Aim of the task - Look through the data below and output, unchanged, every line from the one holding "雀说10双装女袜美拉德秋冬中筒袜潮网红款堆堆袜森系条纹咖色长筒袜潮搭AL" through the one holding "Playboy Men's Summer", inclusive. Skip the pictures.

The records -
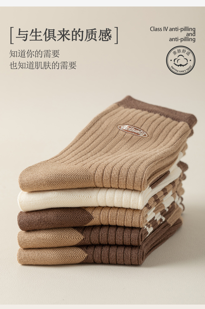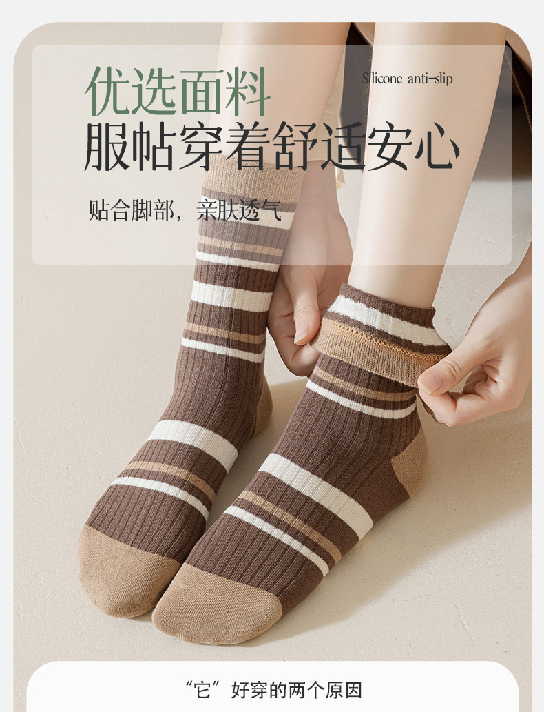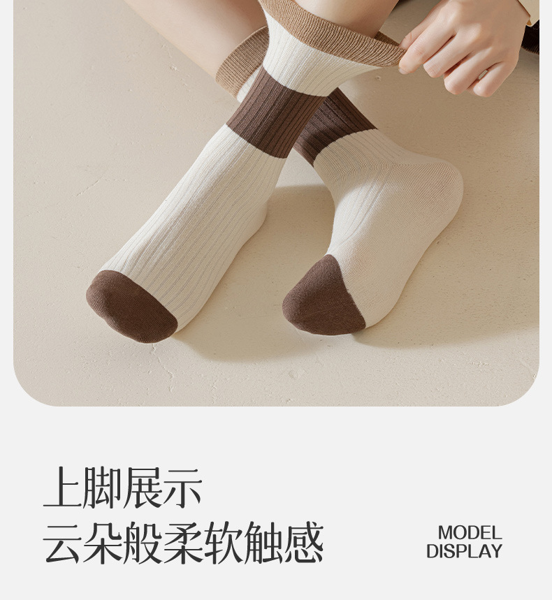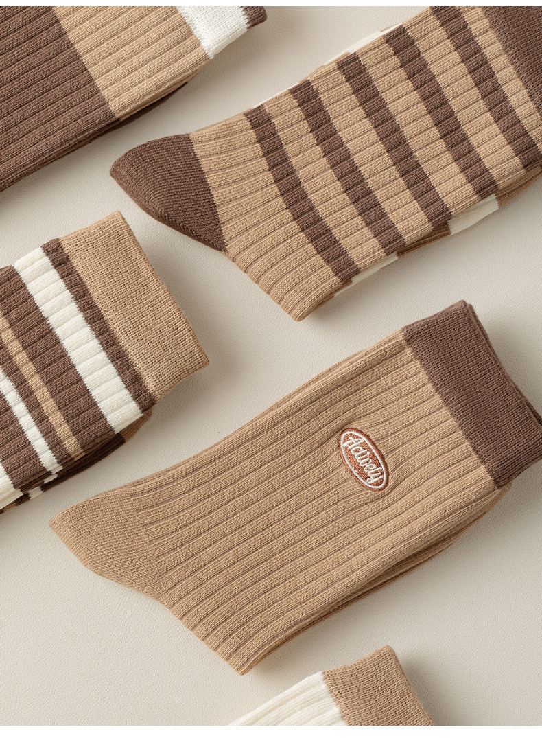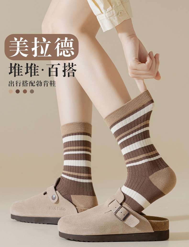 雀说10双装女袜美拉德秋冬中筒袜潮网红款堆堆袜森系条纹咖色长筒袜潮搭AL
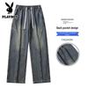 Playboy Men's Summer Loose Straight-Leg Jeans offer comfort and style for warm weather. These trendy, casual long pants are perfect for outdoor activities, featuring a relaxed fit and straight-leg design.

--

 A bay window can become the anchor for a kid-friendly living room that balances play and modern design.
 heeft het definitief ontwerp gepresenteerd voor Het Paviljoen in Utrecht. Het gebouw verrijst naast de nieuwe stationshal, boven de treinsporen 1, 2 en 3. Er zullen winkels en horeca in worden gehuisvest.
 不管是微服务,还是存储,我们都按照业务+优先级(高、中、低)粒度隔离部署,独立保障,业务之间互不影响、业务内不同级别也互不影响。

Response -
 雀说10双装女袜美拉德秋冬中筒袜潮网红款堆堆袜森系条纹咖色长筒袜潮搭AL
 Playboy Men's Summer Loose Straight-Leg Jeans offer comfort and style for warm weather. These trendy, casual long pants are perfect for outdoor activities, featuring a relaxed fit and straight-leg design.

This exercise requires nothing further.